*Given records*:
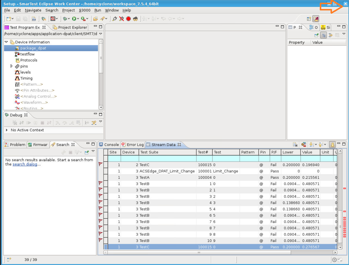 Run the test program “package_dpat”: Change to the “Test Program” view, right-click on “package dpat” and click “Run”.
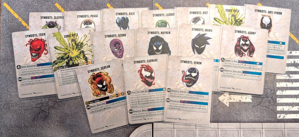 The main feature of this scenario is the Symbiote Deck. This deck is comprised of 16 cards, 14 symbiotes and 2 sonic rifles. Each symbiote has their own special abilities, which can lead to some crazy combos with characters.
* * *
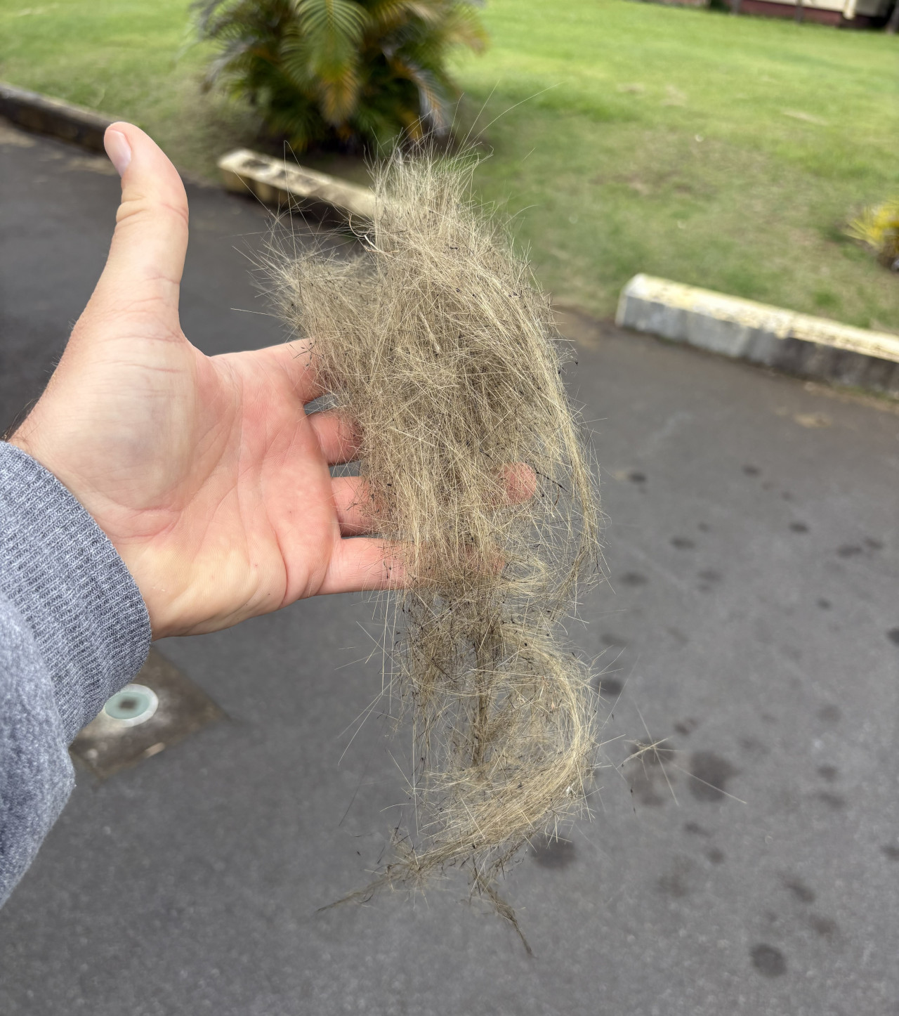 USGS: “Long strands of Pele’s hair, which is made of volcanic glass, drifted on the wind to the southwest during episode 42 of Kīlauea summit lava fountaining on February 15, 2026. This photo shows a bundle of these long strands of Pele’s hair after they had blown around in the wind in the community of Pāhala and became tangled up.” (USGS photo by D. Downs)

*What you will do*: Nothing but the lines above, starting at the line that contains "Run the test" and ending at the line that contains "The main feature", should be given again, exactly and without the pictures.

*Solution for this exercise*:
 Run the test program “package_dpat”: Change to the “Test Program” view, right-click on “package dpat” and click “Run”.
 The main feature of this scenario is the Symbiote Deck. This deck is comprised of 16 cards, 14 symbiotes and 2 sonic rifles. Each symbiote has their own special abilities, which can lead to some crazy combos with characters.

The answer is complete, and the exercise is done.